Mieke Huisman, beleidsmedewerker waterkeringen bij het hoogheemraadschap:  “Voorheen namen we monsters en kreeg je na analyse een indicatie hoe sterk bijvoorbeeld een klei- of veenlaag is. Met de nieuwe normen en rekenregels willen we preciezer weten hoe de grond bezwijkt en welke sterkte je daaraan kunt toekennen. Dat betekent dat we onze belangrijkste sterkteparameters veen en klei opnieuw moeten bepalen.”

Mede door de nieuwe beoordelingssystematiek kiest het hoogheemraadschap voor een verfijndere onderzoeksopzet. “In het verleden voerde je bij een dijktraject van tien kilometer op vier plekken stabiliteitsberekeningen uit. Nu willen we om de honderd meter gegevens over de ondergrond hebben. De uitkomsten kunnen we zowel voor het berekenen van de binnen- als buitenwaartse stabiliteit gebruiken”, aldus Mieke.
Geotechnisch adviesbureau Lankelma is bezig met een sondering op de Hollandsche IJsseldijk.

Speciale (reken)software

Het hoogheemraadschap voerde met RPS in 2016 een generale repetitie uit om het nieuwe conceptinstrumentarium in de praktijk te oefenen. Waterkeringbeheerders kunnen bijvoorbeeld gebruikmaken van speciale (reken)software om de uitkomsten van het grondonderzoek volgens de nieuwe maatstaven te interpreteren. Hiervoor is gebruikgemaakt van bestaande, realistische data in een projectgebied vlak voor de stormvloedkering in de Hollandse IJssel.

Hoewel de generale repetitie het hoogheemraadschap de nodige inzichten heeft gegeven in de nieuwe systematiek blijft het voor Mieke nog een black box. “De nieuwe waardes zijn lastig te interpreteren, omdat je nog niet precies weet waar de nieuwe getallen op zijn gebaseerd. Als we er straks in het echt mee gaan werken, hebben we ook aanvullende bodemgegevens en sterkteparameters nodig om tot de hogere dichtheid te komen. Belangrijke meerwaarde is dat je straks op elke plek in de kering een actueel inzicht hebt in de sterkte in plaats van alleen op de spannende plekken waar je voorheen mee rekende.”

Klimaatverandering

Consequentie is wel dat van waterschappen meer verlangd wordt om de data op orde te krijgen én te houden. Bestaande grondgegevens zitten vaak nog in archieven, of ze zijn nog niet in het juiste format gedigitaliseerd om met het nieuwe instrumentarium te kunnen werken. Bovendien vereist het verdichten van het grondonderzoek de nodige arbeid. Uiterlijk in 2023 moet alle data verzameld zijn.

“Dit vereist het tienvoudige aan inspanning”, verwacht Jaap. “Maar als je altijd en overal een actueel inzicht hebt, zal het zich terugbetalen. Verandert bijvoorbeeld de buitenwaterstand, of wil je kijken wat er gebeurt als je een hogere belasting opvoert? Dan is het een fluitje van een cent dit op elke plek door te rekenen.”

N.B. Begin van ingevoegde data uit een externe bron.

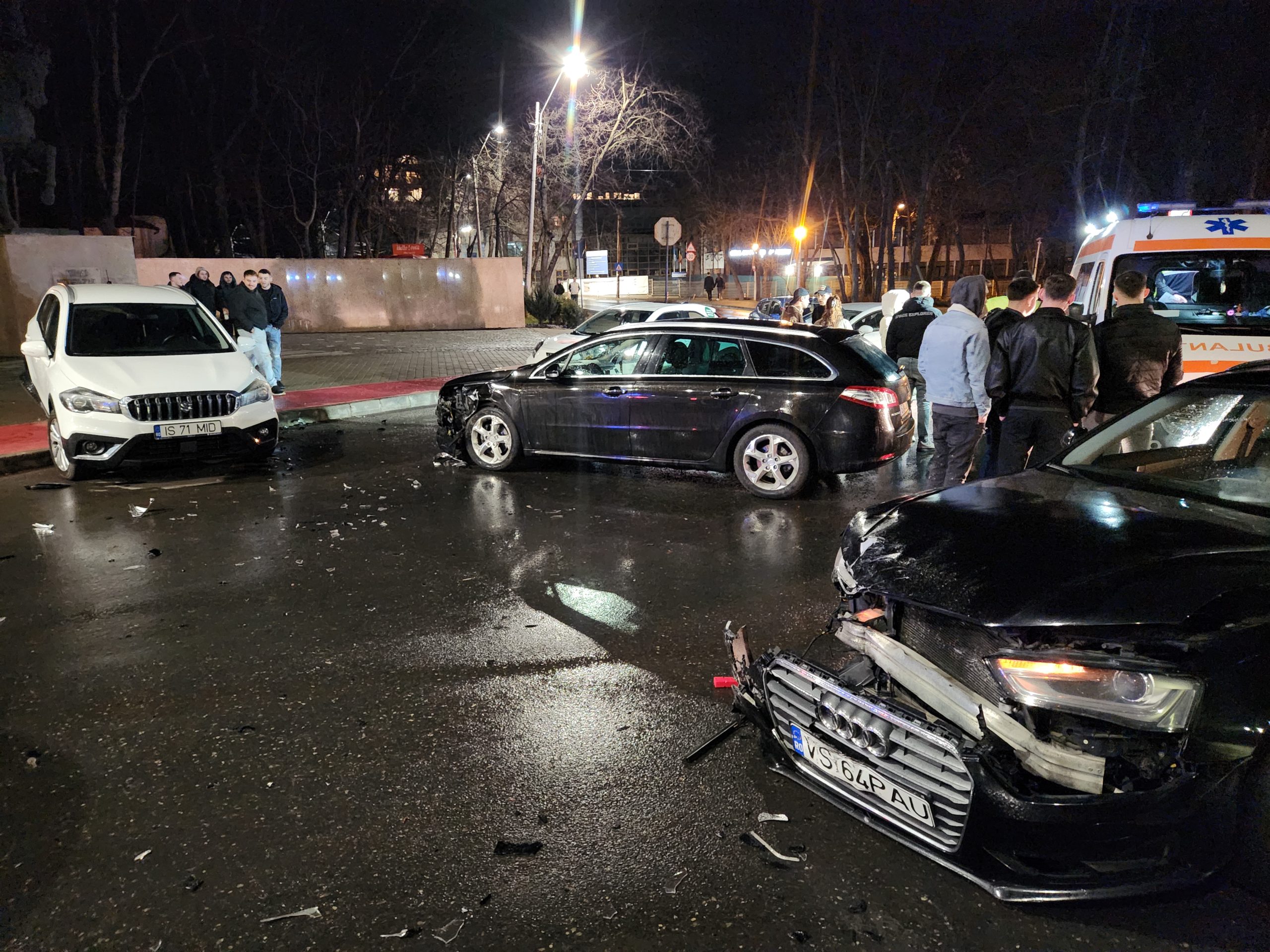 Un accident rutier în care au fost implicate trei autoturisme – un Audi, un Peugeot și un Suzuki – s-a produs în zona stadionului din Copou, pe un carosabil umed, potrivit informațiilor preliminare. În urma impactului, una dintre mașini a fost proiectată pe trotuar, iar mai multe persoane au avut nevoie de îngrijiri medicale la fața locului.

Volgens de beleidsadviseur een interessante ontwikkeling bij het doorrekenen van verschillende klimaatsveranderingsscenario’s en wat voor invloed deze dan hebben op de beoordelingsresultaten. “Vergelijk een luchtfoto uit de jaren zestig met die van nu en je merkt dat de beschermende waarde van dijken fors is toegenomen. De normering die we hadden was gedateerd. De kerngedachte achter het nieuwe beoordelingsinstrumentarium komt daarom als geroepen!”